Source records
··········
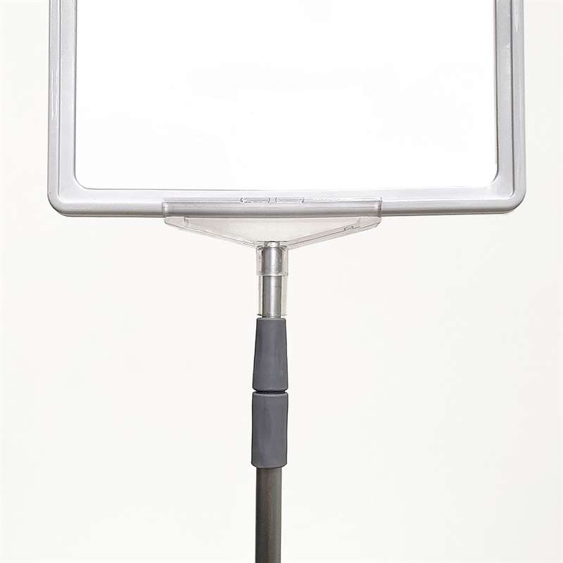 Det här prisramset inkluderar en aluminiumfot och stång och en vit A4-ram som mäter 21 x 29,7 cm. Höjden kan justeras mellan 72 och 90 cm, bredden är 21,8 cm, och foten mäter 16 x 21 cm. Setet väger 0,6 kg.
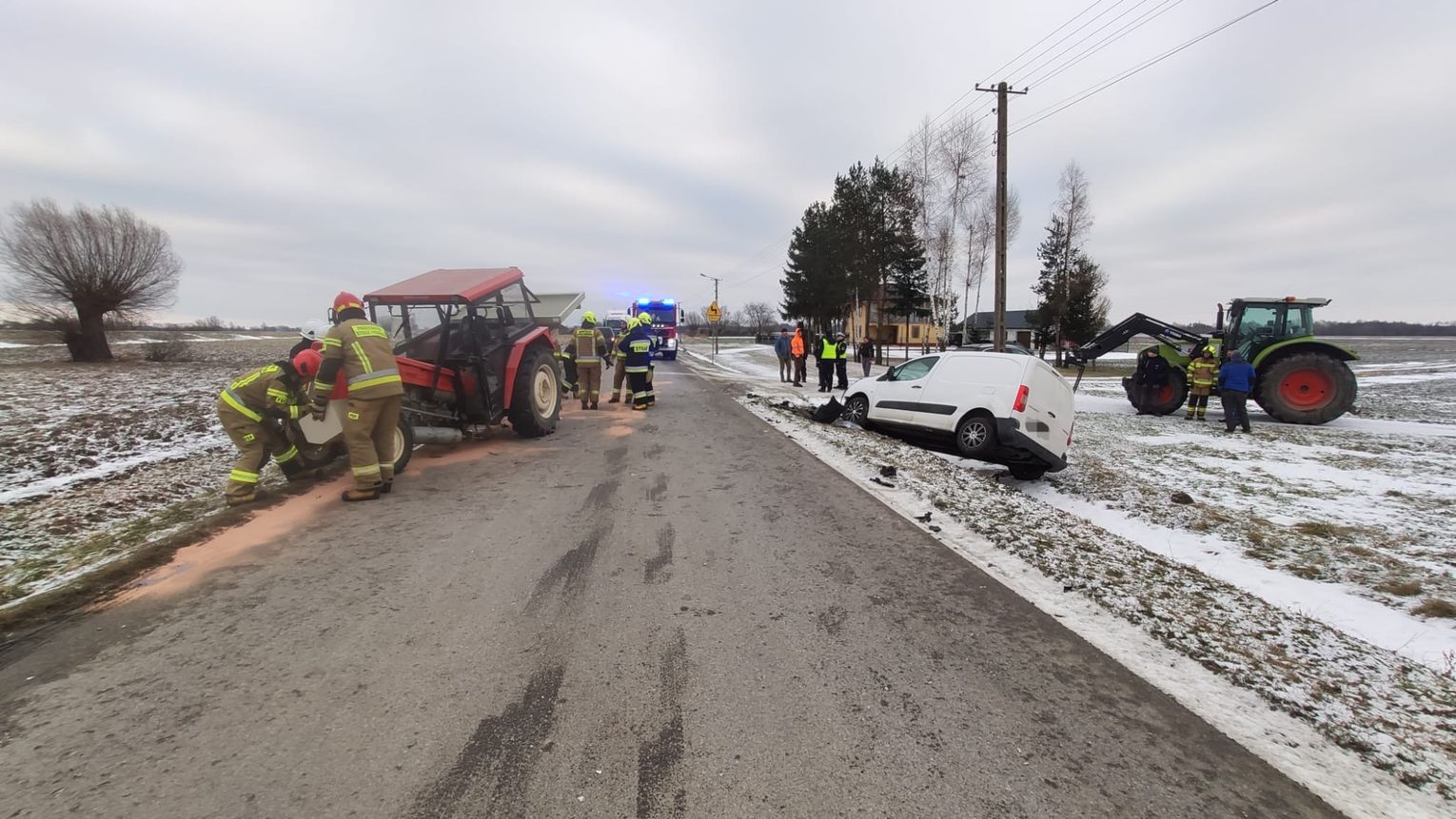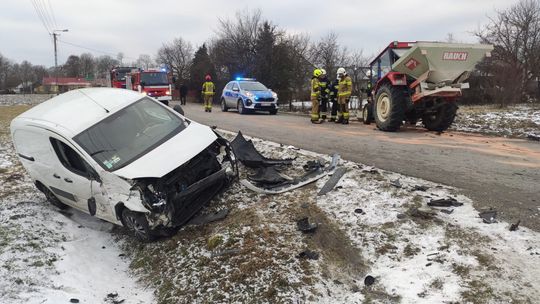 Dzisiaj około godziny 15:00 Państwowa Straż Pożarna w Dąbrowie Tarnowskiej otrzymała zgłoszenie o kolizji samochodu osobowego z ciągnikiem rolniczym, która miała miejsce na drodze powiatowej w miejscowości Zabrnie. Na szczęście, w wyniku zdarzenia nie było osób poszkodowanych. Na miejscu pracowali strażacy, którzy zabezpieczyli wycieki substancji ropopochodnych z ciągnika rolniczego. W wyniku kolizji droga powiatowa jest zablokowana. Samochód osobowy marki Renault znalazł się w przydrożnym rowie.
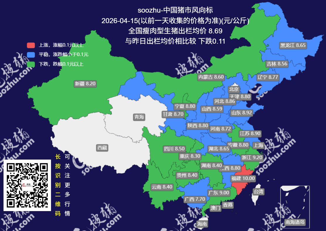 今日(2026 年 4 月 15 日),搜猪网最新监测显示,全国瘦肉型生猪出栏均价 8.60 元 / 公斤,较昨日(8.67 元 / 公斤)[详情]
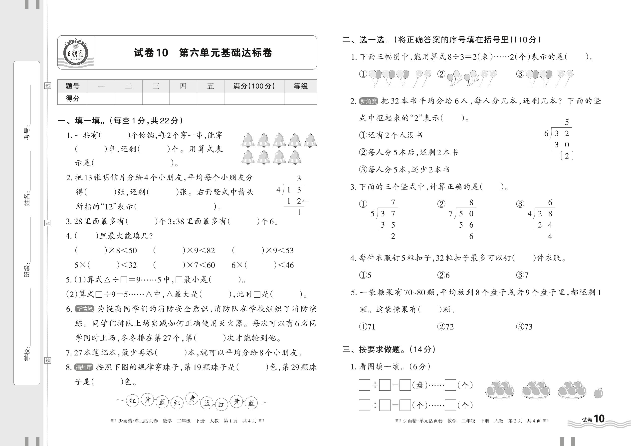 2024春下册二年级数学人教版 第六单元基础达标卷【10】
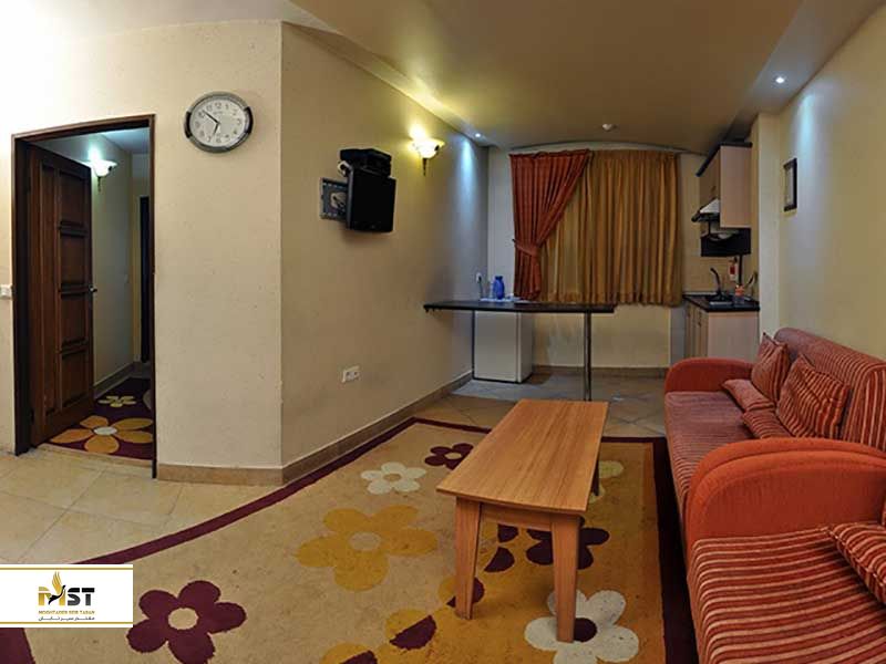 اگر بیخبر شما را به داخل هتل ببرند با وجود مبلمان مجلل مخملی هرگز به ذهنتان خطور هم نمیکند در هتلی مقرون به صرفه قرار دارید. این هتل که در خیابان آخوند خراسانی مشهد قرارگرفته با ماشین تنها ۵-۶ دقیقه تا ورودی باب الجواد حرم رضوی فاصله دارد. واحدهای این هتل مجهز به آشپزخانه، سرویس بهداشتی مدرن و اختصاصی، تخت راحت و تلویزیون صفحه تخت هستند. اقامت در خارج از فصل گردشی از پایه ۸۰ هزار تومان شروع میشود.
··········
* Your goal: Apart from the pictures, every line above must be repeated exactly.

* Written reply:
 Det här prisramset inkluderar en aluminiumfot och stång och en vit A4-ram som mäter 21 x 29,7 cm. Höjden kan justeras mellan 72 och 90 cm, bredden är 21,8 cm, och foten mäter 16 x 21 cm. Setet väger 0,6 kg.
 Dzisiaj około godziny 15:00 Państwowa Straż Pożarna w Dąbrowie Tarnowskiej otrzymała zgłoszenie o kolizji samochodu osobowego z ciągnikiem rolniczym, która miała miejsce na drodze powiatowej w miejscowości Zabrnie. Na szczęście, w wyniku zdarzenia nie było osób poszkodowanych. Na miejscu pracowali strażacy, którzy zabezpieczyli wycieki substancji ropopochodnych z ciągnika rolniczego. W wyniku kolizji droga powiatowa jest zablokowana. Samochód osobowy marki Renault znalazł się w przydrożnym rowie.
 今日(2026 年 4 月 15 日),搜猪网最新监测显示,全国瘦肉型生猪出栏均价 8.60 元 / 公斤,较昨日(8.67 元 / 公斤)[详情]
 2024春下册二年级数学人教版 第六单元基础达标卷【10】
 اگر بیخبر شما را به داخل هتل ببرند با وجود مبلمان مجلل مخملی هرگز به ذهنتان خطور هم نمیکند در هتلی مقرون به صرفه قرار دارید. این هتل که در خیابان آخوند خراسانی مشهد قرارگرفته با ماشین تنها ۵-۶ دقیقه تا ورودی باب الجواد حرم رضوی فاصله دارد. واحدهای این هتل مجهز به آشپزخانه، سرویس بهداشتی مدرن و اختصاصی، تخت راحت و تلویزیون صفحه تخت هستند. اقامت در خارج از فصل گردشی از پایه ۸۰ هزار تومان شروع میشود.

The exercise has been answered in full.